Son 18 yılda, kıtada Çin yatırımlarından en fazla payı 47 milyar dolar ile İngiltere aldı. Bunu 22 milyar dolarla Almanya, 15 milyar dolarla İtalya, 14 milyar dolarla Fransa ve 14 milyar dolarla Hollanda izledi.

AB, ithalatının 5’te 1'ini, ihracatının ise 10’da 1’ini Çin ile yapmakta. 2017’de 375,4 milyar avro olarak gerçekleşen ithalat geçen yıl yüzde 6,9 artış göstererek 395 milyara yaklaştı. Birlik'in Çin’e karşı ticaret açığı da 178 milyardan 185 milyara yükseldi.

“AB bu çatışmada tarafsız olmalıdır”

Avrupa ve Çin arasındaki ilişkilerin geleceğini AA muhabirine değerlendiren, Alman düşünce ve ekonomi kuruluşu Ekonomi Araştırma Enstitüsü (Ifo) Başkanı Prof. Dr. Clemens Fuest, Çin’in dünyanın en büyük ekonomisi olma yolunda ilerlediğini ve AB’nin ihracatı ve yatırımı için önemli bir destinasyon olduğunu söyledi.

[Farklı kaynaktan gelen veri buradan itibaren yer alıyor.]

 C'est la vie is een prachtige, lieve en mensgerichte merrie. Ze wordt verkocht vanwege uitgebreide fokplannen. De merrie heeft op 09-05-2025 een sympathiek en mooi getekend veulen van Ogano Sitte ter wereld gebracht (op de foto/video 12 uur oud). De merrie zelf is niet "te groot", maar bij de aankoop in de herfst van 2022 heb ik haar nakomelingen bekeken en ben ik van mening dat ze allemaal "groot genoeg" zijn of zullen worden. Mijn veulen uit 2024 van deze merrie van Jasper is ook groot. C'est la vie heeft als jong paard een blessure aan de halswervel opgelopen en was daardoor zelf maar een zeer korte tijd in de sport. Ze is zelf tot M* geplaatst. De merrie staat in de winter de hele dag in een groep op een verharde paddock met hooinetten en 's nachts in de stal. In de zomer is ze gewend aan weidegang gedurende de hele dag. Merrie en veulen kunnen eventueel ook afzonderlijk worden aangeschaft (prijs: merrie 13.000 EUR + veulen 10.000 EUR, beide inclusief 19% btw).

Fuest, AB’de Çinli ihracatçı ve yatırımcılar için önemli bir pazar olduğunu ifade ederek, Çin'in aynı zamanda dünya çapında artan etkisi ve ağırlığı ile giderek jeopolitik bir güç haline geldiğine işaret etti.

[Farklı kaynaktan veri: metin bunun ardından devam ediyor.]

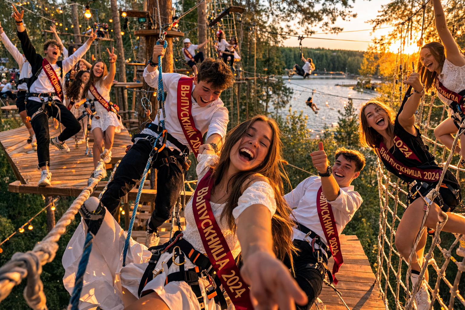 Одним из лучших мест для проведения выпускного для класса в Санкт-Петербурге является веревочный парк Tree To Tree Репино.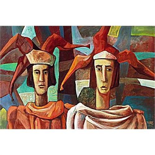 <tr><td>Title:"Two Clowns" - Avant-Garde' style oil </td></tr>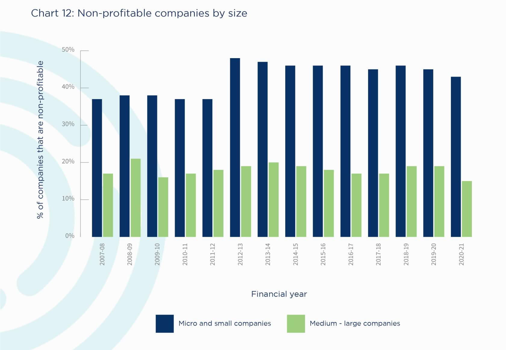 According to the data, 43 per cent of small business are non-profitable, which is the lowest proportion since 2012-2013 when the number was 48 per cent. This compares to 15 per cent of medium and large companies which were non-profitable. This is the lowest proportion since the Global Financial Crisis.

Fuest, “AB’nin Çin’e karşı ortak ve tutarlı bir politika izlemesi arzu edilir ancak Birlik'e üye bazı devletler kendi politikalarını izlemeyi tercih ediyor gibi görünmektedir. Bu, Çin ile müzakere yaparken bütün AB üye devletlerinin pazarlık gücünü baltalamaktadır." diye konuştu.

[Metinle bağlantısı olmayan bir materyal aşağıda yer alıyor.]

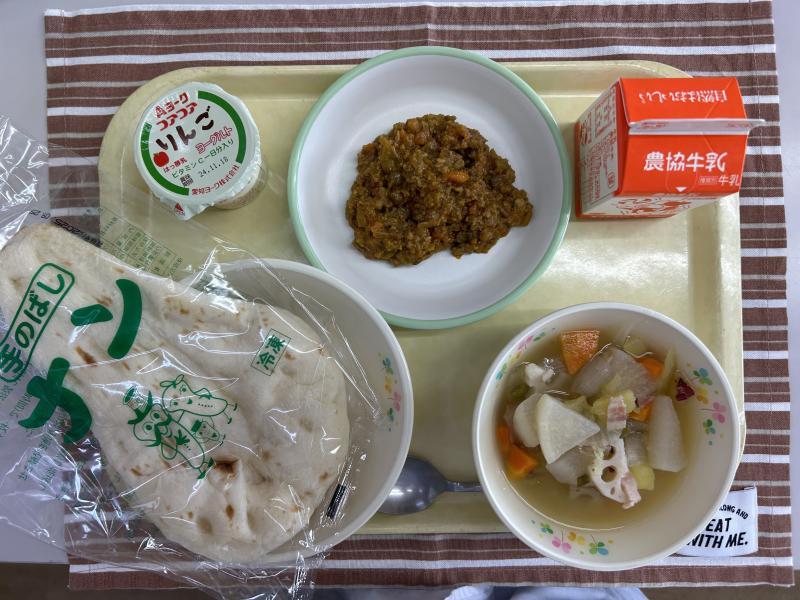 今日は月に2回のパンの日です。今日は「ナン」を提供しました。ほとんどの児童がナンが初めてだったようで、

Çin’in Avrupa’da memnuniyetle karşılanması gerektiğini anlatan Fuest, Çin’in yükselişi her iki taraf için de birçok fırsat oluşturuyor ve ekonomik değişim karşılıklı olarak fayda sağlıyor. Aynı zamanda çıkar çatışmaları olabilir. Özellikle, AB’nin Avrupa’daki firmaların AB’de faaliyet gösteren Çinli firmaların yararlandıkları piyasaya erişim dahil Çin’de aynı koşullara sahip olmasının sağlaması gerekmektedir.” değerlendirmesinde bulundu.

Prof. Dr. Clemens Fuest, ABD ile Çin arasında devam eden ticaret çatışmalarına atıfta bulunurken, "AB bu çatışmada tarafsız olmalıdır. Aynı zamanda AB, genişletilmiş yatırım ve ticaret anlaşmalarıyla Çin ile ilişkilerini geliştirmelidir.” yorumunu yaptı.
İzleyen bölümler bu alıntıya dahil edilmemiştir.